Only the lines from the first line of the data through the line containing "多家央視媒體紛紛爲孫穎莎打Call,她成爲首位女單世界盃三連冠的選手。" belong in the answer, transcribed exactly; pictures do not.

^^^^^^^^^^^^^^^^

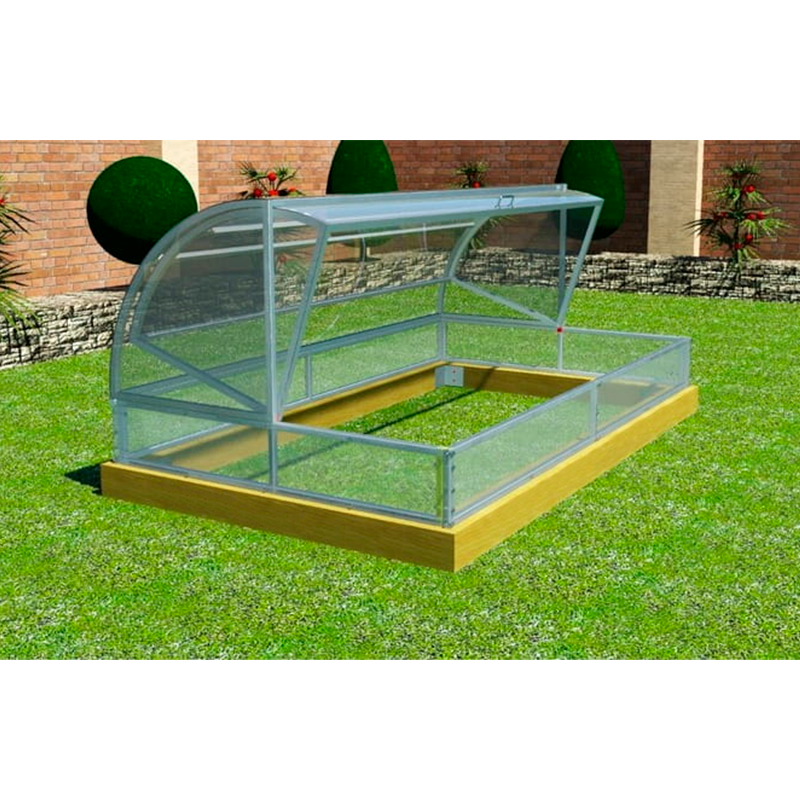 Каркас парника выполнен из оцинкованной профильной трубы сечением 20х20 см. В качестве покрытия использован сотовый поликарбонат толщиной 4 мм. Парник состоит из боковых створок и основания высотой 20 см. Боковые створки, поднятие и опускание которых производится за счет шарнирных элементов, позволяют регулировать микроклимат внутри парника. а также обеспечивают удобный доступ к любой части конструкции. Конструкция имеет 6 продольных стяжек, усиливающих каркас, а также специальный поддерживающий ролик, который исключает провисание верхней створки парника.
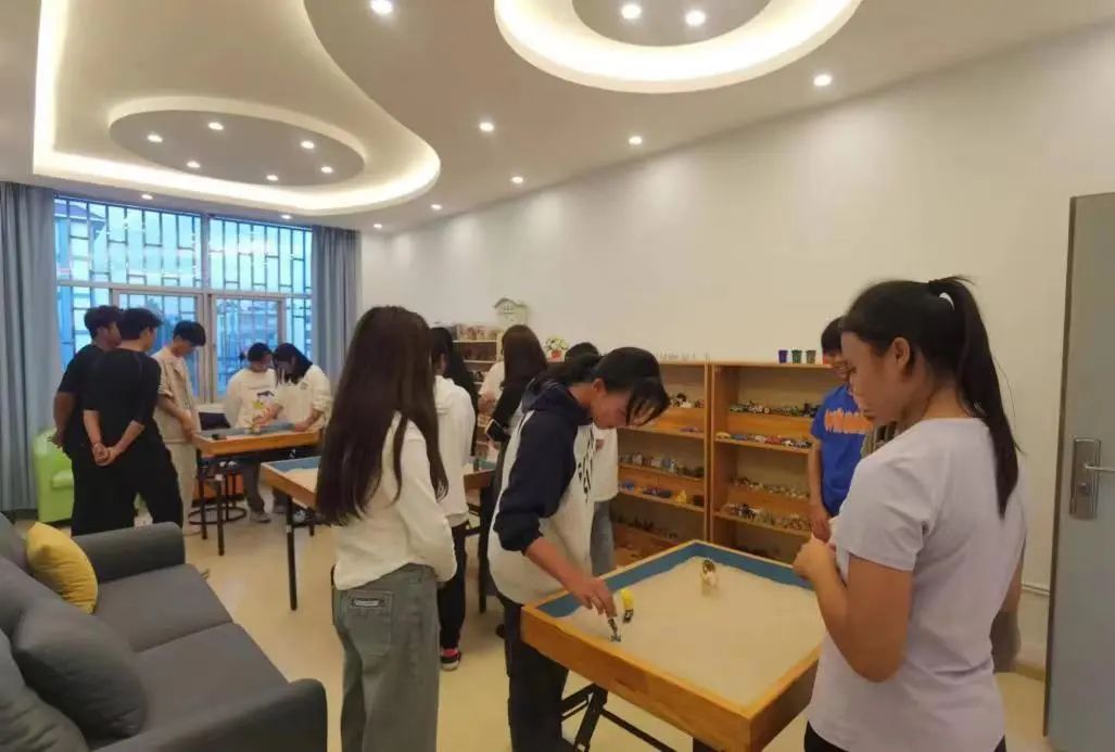 2023年10月23日下午18:00在学校心理中心沙盘室,心理社团开展了团体心理沙盘体验活动。一沙一世界,一人一故事,每一个沙具都有象征。通过沙具的摆放,让同学犹如在芬芳四溢的花园中散步,让心灵沐浴在阳光之下,陶醉与满园春色之中。在摆放沙盘的过程中,每个人的行为、表达,都映射在沙盘活动这个微小的世界中,充分体现了同学们从认识自己到觉察自己,最终自我完善的一个过程。
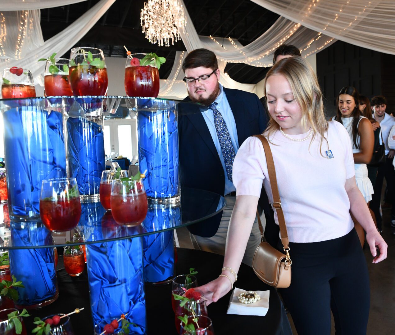 Lindsey Wilson University students Seth Ousley ’26 of Lancaster, Kentucky, and Whitley Gibson ’27 of Edmonton, Kentucky, reach for a mocktail during the Lindsey Wilson School of Business and Communication business dinner etiquette event, held Tuesday, March 31, at Swan’s Landing in Taylor County, Kentucky.
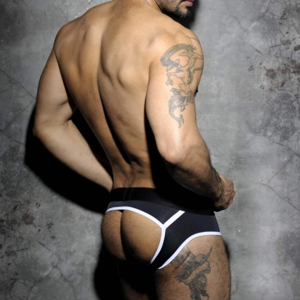 STRIPE FETISH BRIEF – чуттєві сліпи в стилі bottomless, створені для сміливих чоловіків, які люблять підкреслювати свої переваги. Відкритий задник підкреслює сідниці, надаючи всьому образу провокаційний, еротичний характер.
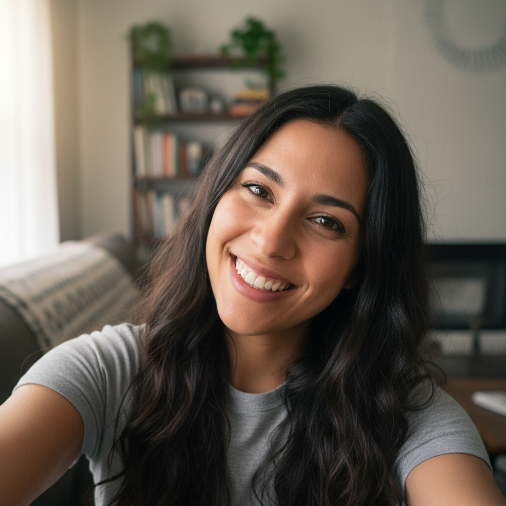 Take casual selfies with your phone—different angles, expressions, and lighting. No dress code required. Our AI learns your unique features from everyday photos taken at home, office, or outdoors.
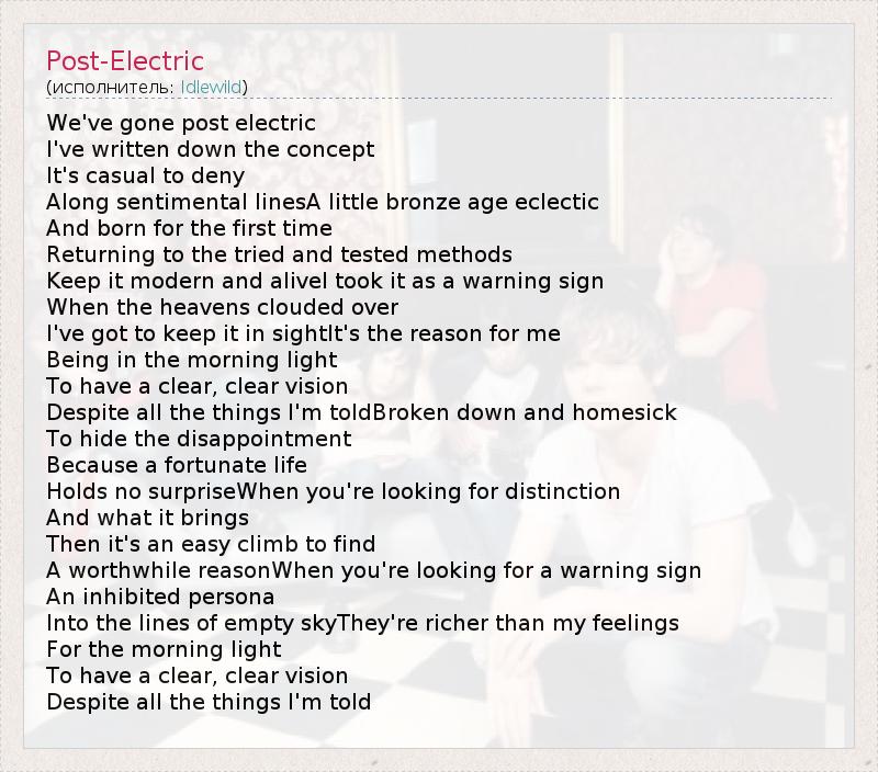 А как ты думаешь, о чем песня "Post-Electric" ?
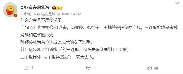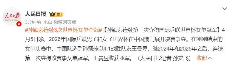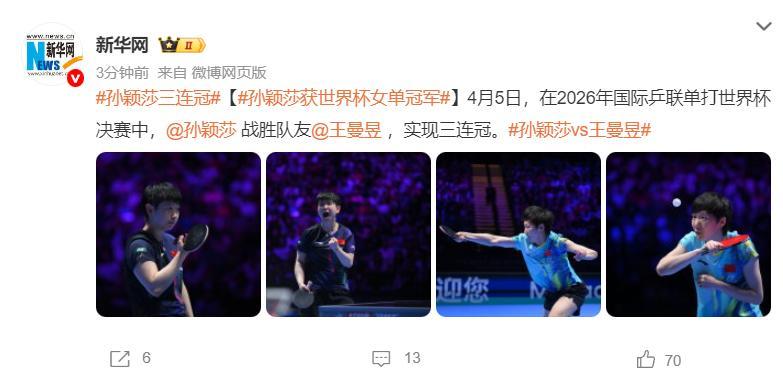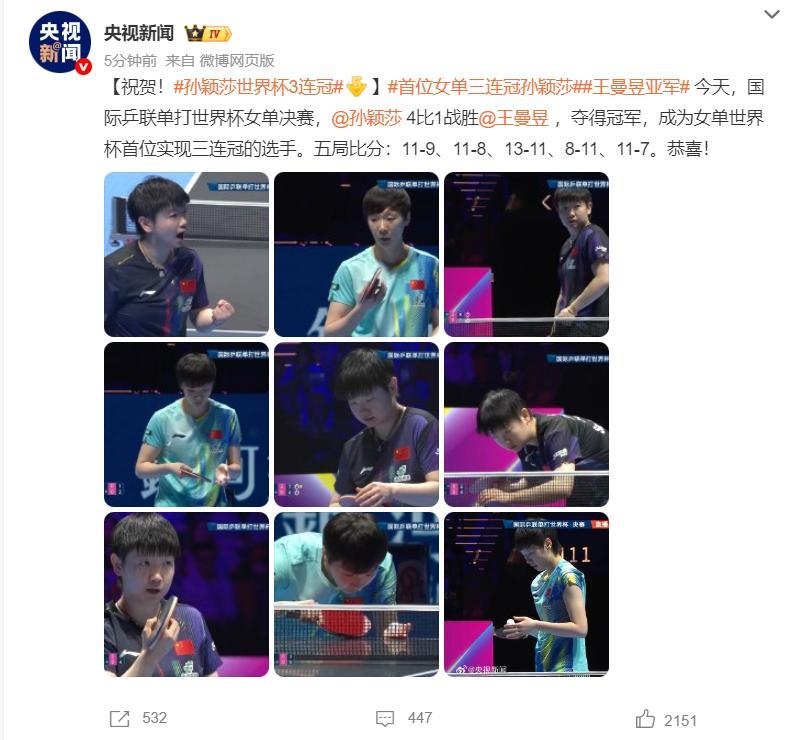 多家央視媒體紛紛爲孫穎莎打Call,她成爲首位女單世界盃三連冠的選手。
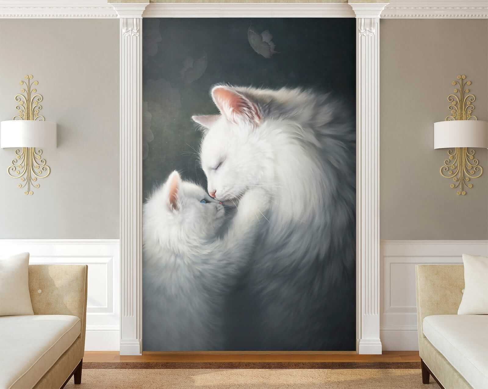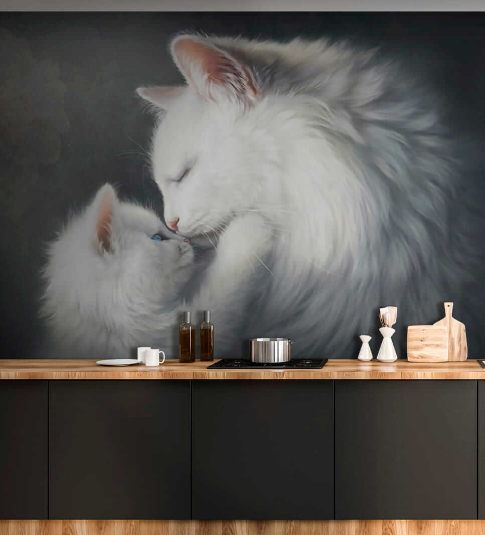 Fíjate en estos dos adorables peluches. Este mural de pared “Feline Affection at its Finest” derretirá corazones. Perfecto para cualquier habitación que necesite un toque de calidez y fantasía, ya sea la habitación de un niño, un rincón de lectura acogedor o incluso el salón. Imagina despertarte con este adorable dúo de mamá y gatito cada día… ¡un subidón de ánimo instantáneo! Y oye, ¿quién puede resistirse a esas suaves pieles y tiernos acurrucamientos, verdad?
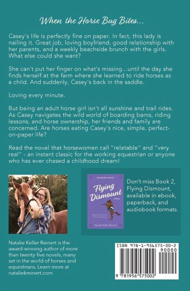 "Buy a horse, they said. It will be fun, they said." Casey Halbach's life was perfectly on track. She had it all: good friends, loving boyfriend, decent job with her very own cubicle. Then, she met Sky. Riding instructor, barn manager, and whirlwind of energy, Sky effortlessly launches Casey back into the saddle. After fifteen years behind a desk, Casey was a little rusty... but the more time she spends at the stable, the more she never wants to leave. Friends are confused, the boyfriend is concerned, and Casey is conflicted -- but when she decides to take the plunge and buy a horse of her own, she realizes that she was just dabbling in the shallow end before. Now, Casey's pretty sure she's in over her head, but the crazy thing is: She thinks she likes it this way. Can anyone balance life, work, and horses? Casey's going to give it a try. Indeed, she's pretty sure she doesn't have a choice. For anyone who has ever loved a horse, dreamed about their very own pony, or simply clock-watched their way through another boring day at the office, Grabbing Mane is our story. Testing the boundaries of who we think we are, adjusting to strange new realities, and (hopefully) bringing our partners along for the ride: balancing real life, and equestrian life, isn't easy. Grabbing Mane is Book One in a new series about adult amateur equestrian life, from award-winning author Natalie Keller Reinert. Early Reviews for Grabbing Mane: "Natalie has done it again and with all new characters! I loved getting to know Casey, Brandon and of course the lovely James! I especially liked the fact that Casey was just like all of us, bitten by the horse bug but having to make her way in the real world, with all the conflicts and confidence issues that haunt horse-girls everyday." - Kathleen Edwards, Goodreads "It is relatable and extremely well-written. Anyone who has been into horses and has walked away for a while will understand." -Jo, Goodreads
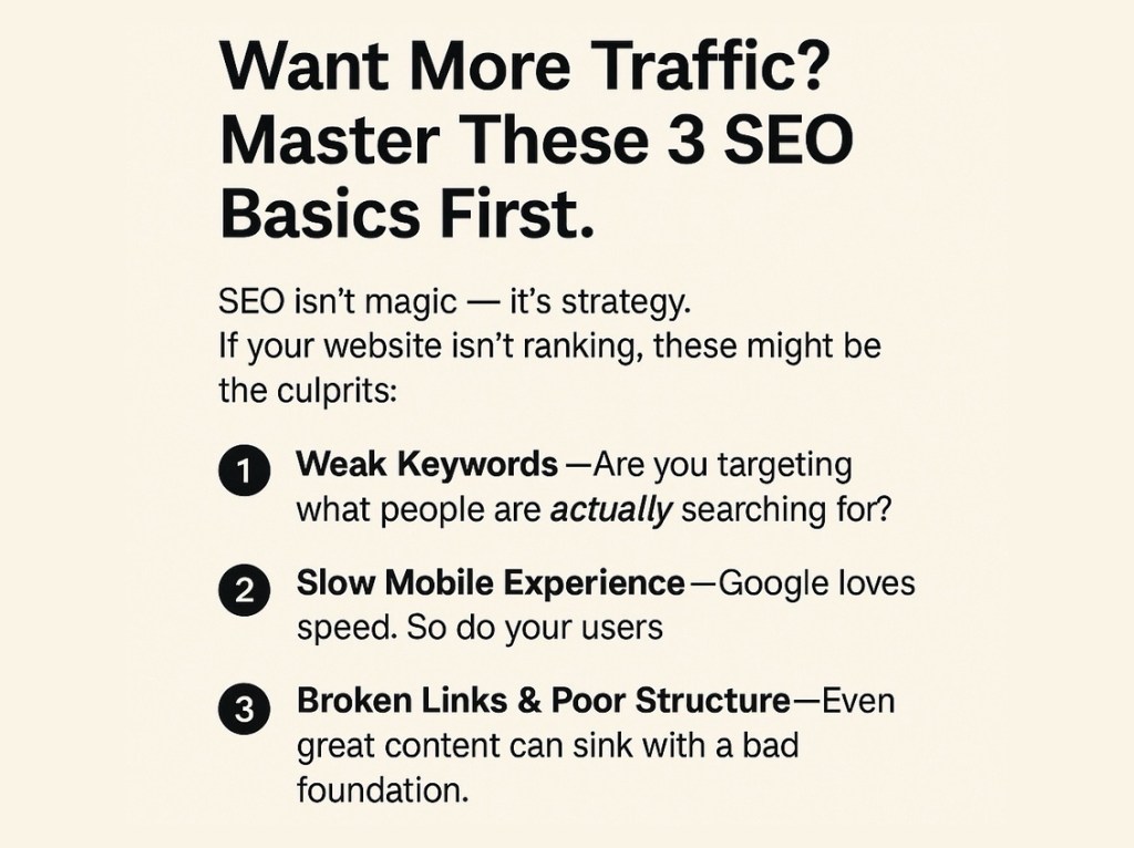 Everyone wants more website traffic. But what many forget is that SEO success doesn’t start with advanced tactics — it begins with strong fundamentals. 🚀
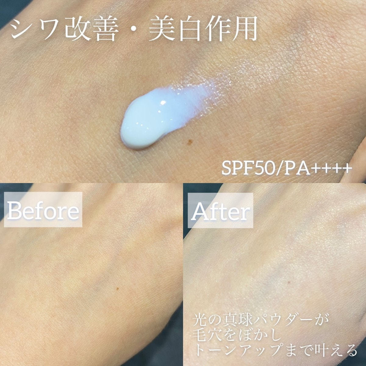 【有効成分】ナイアシンアミド【その他の成分】精製水、デカメチルシクロペンタシロキサン、低温焼成酸化亜鉛、ポリオキシエチレン・メチルポリシロキサン共重合体、1,3-ブチレングリコール、メチルポリシロキサン、ヘキサメチレンジイソシアネート/トリメチロールヘキシルラクトン架橋ポリマー、微粒子酸化チタン、ジ2-エチルヘキサン酸ネオペンチルグリコール、PEG-9 ポリジメチルシロキシエチル ジメチコン、1,2-ペンタンジオール、ソルビット液、ポリオキシエチレンメチルグルコシド、プルーン酵素分解物、サクラ葉抽出液、ノバラエキス、キウイエキス、ヒメフウロエキス、メマツヨイグサ抽出液、オウゴンエキス、エイジツエキス、ヨクイニンエキス、レモングラス抽出液、アマチャヅルエキス、ビルベリー葉エキス、水酸化アルミニウム、ポリヒドロキシステアリン酸、硫酸マグネシウム、イソステアリン酸、メチルハイドロジェンポリシロキサン、無水ケイ酸、ジメチルジステアリルアンモニウムヘクトライト、セスキイソステアリン酸ソルビタン、天然ビタミンE、フェノキシエタノール

^^^^^^^^^^^^^^^^

- [Written answer]:
 Каркас парника выполнен из оцинкованной профильной трубы сечением 20х20 см. В качестве покрытия использован сотовый поликарбонат толщиной 4 мм. Парник состоит из боковых створок и основания высотой 20 см. Боковые створки, поднятие и опускание которых производится за счет шарнирных элементов, позволяют регулировать микроклимат внутри парника. а также обеспечивают удобный доступ к любой части конструкции. Конструкция имеет 6 продольных стяжек, усиливающих каркас, а также специальный поддерживающий ролик, который исключает провисание верхней створки парника.
 2023年10月23日下午18:00在学校心理中心沙盘室,心理社团开展了团体心理沙盘体验活动。一沙一世界,一人一故事,每一个沙具都有象征。通过沙具的摆放,让同学犹如在芬芳四溢的花园中散步,让心灵沐浴在阳光之下,陶醉与满园春色之中。在摆放沙盘的过程中,每个人的行为、表达,都映射在沙盘活动这个微小的世界中,充分体现了同学们从认识自己到觉察自己,最终自我完善的一个过程。
 Lindsey Wilson University students Seth Ousley ’26 of Lancaster, Kentucky, and Whitley Gibson ’27 of Edmonton, Kentucky, reach for a mocktail during the Lindsey Wilson School of Business and Communication business dinner etiquette event, held Tuesday, March 31, at Swan’s Landing in Taylor County, Kentucky.
 STRIPE FETISH BRIEF – чуттєві сліпи в стилі bottomless, створені для сміливих чоловіків, які люблять підкреслювати свої переваги. Відкритий задник підкреслює сідниці, надаючи всьому образу провокаційний, еротичний характер.
 Take casual selfies with your phone—different angles, expressions, and lighting. No dress code required. Our AI learns your unique features from everyday photos taken at home, office, or outdoors.
 А как ты думаешь, о чем песня "Post-Electric" ?
 多家央視媒體紛紛爲孫穎莎打Call,她成爲首位女單世界盃三連冠的選手。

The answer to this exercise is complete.